健康保険証とは公的な医療システムの中心的な存在である。現在の保険証を2024年に廃止、「マイナンバーカード」と一体化した「マイナ保険証」に切り替えると河野太郎デジタル相は10月13日に発表した。さらに運転免許証とも一体化させるという。要するに「デジタルID」で人びとを管理しようというわけだ。
こうした動きで先行していたのはEUである。欧州委員会はEU市民向けの「ワクチン・カード/パスポート」を2022年に実現することを予定していた。デジタル技術を使った人間管理システムで、デジタル通貨、監視カメラ、スマート家電ともリンクする。資金の動きや行動を監視、世界を支配する私的権力にとって好ましくない人物を探り出し、排除するつもりだろう。
こうしたことを少なからぬ人が見抜くはずで、抵抗が予想された。そこでタイミングよく起こったのがCOVID-19(2019年-コロナウイルス感染症)騒動である。2020年3月11日にWHO(世界保健機関)はパンデミックを宣言、恐怖を煽り、人間を管理する必要があると思わせようとしたのだが、実現できていない。
昔から支配者は庶民を監視、管理しようとしてきた。アメリカ上院で設置された情報活動に関する政府の工作を調べる特別委員会の委員長を務めていたフランク・チャーチ議員は1975年8月にネットワーク局NBCの「ミート・ザ・プレス」という番組に出演、そこでアメリカ政府の通信傍受能力はアメリカ国民に向けられる可能性があり、そうなると人々の隠れる場所は存在しなくなると発言している。その当時、電子技術が急速に進歩、それにともなって監視システムの能力が長足の進歩を遂げていた。
デジタル・パスポートの基盤には、2015年9月に国連で採択された「我々の世界を変革する:持続可能な開発のための2030アジェンダ」がある。その中で「SDGs(持続可能な開発目標)」が示されたが、地球に住むすべての人間を特定するため、デジタルIDの導入が進められることになったのだ。2016年5月には国連本部でどのように導入を進めるかが話し合われ、「ID2020」というNGOが設立された。欧州委員会が「ワクチン・パスポート」を日程に載せた2019年9月にもニューヨークでID2020の総会が開かれた。
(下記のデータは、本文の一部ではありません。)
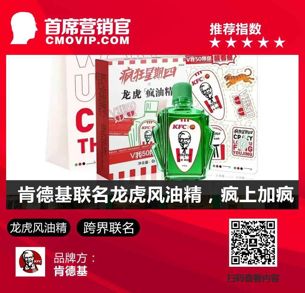 近日,肯德基与龙虎风油精开启跨界联名,推出了「龙虎疯油精」、精油贴以及包装袋等,让疯狂星期四“疯上加疯”。联名名称“疯油精”玩起了谐音梗,造型设计则是将原瓶身的风油精贴纸,换上了带有肯德基LOGO的贴纸,让人眼前一亮。点评:肯德基与龙虎风油精的联名活动是一次成功的商业合作,它将两个不同领域的品牌巧妙地结合在一起,为消费者带来全新的体验,也进一步巩固了肯德基在年轻人中的品牌形象。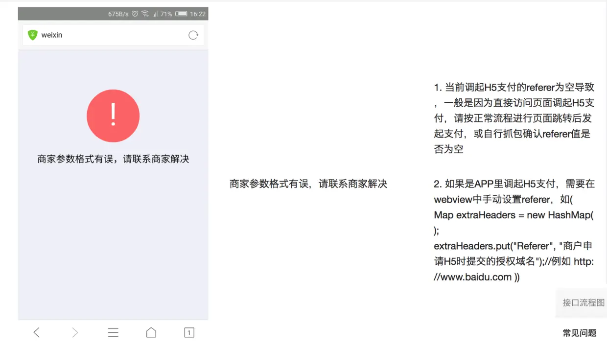 你以为这样就完了是吧,然鹅并没有,实际开发中很大机率会出现微信提示商家参数格式有误,请联系商家解决的问题,而且更尴尬的是:这个问题并不会 iOS 中出现,也不会 Android 浏览器中出现,偏偏就是在应用的 WebView 中出现了。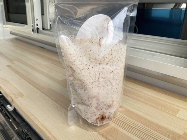 もみもみ…。おぉ、バナナをつぶす感触が面白い…。

その一方、製造業や農業を庶民の手から奪い、自力で生きていけない仕組みを作ろうとしている。すべて支配的な立場の人びとから与えられるもので生きるようにしようというわけだ。つまり人間の「家畜化」にほかならない。そうしたデジタル管理社会を作り上げる上で中心的な役割を果たしているのがシリコンバレーのハイテク企業だ。
そもそもマイナンバーカードはそうした管理システムを想定して作られた仕組みであり、マイナ保険証の問題は「情報流出」でなく、情報の集中管理にある。
マイクロチップが脳へ埋め込まれる段階に到達したなら、記憶に関わる信号を捕捉し、記憶を促進、さらに外部から記憶を管理できるようになるとも見通されている。量子コンピュータが実用化されたなら人間は「端末化」する。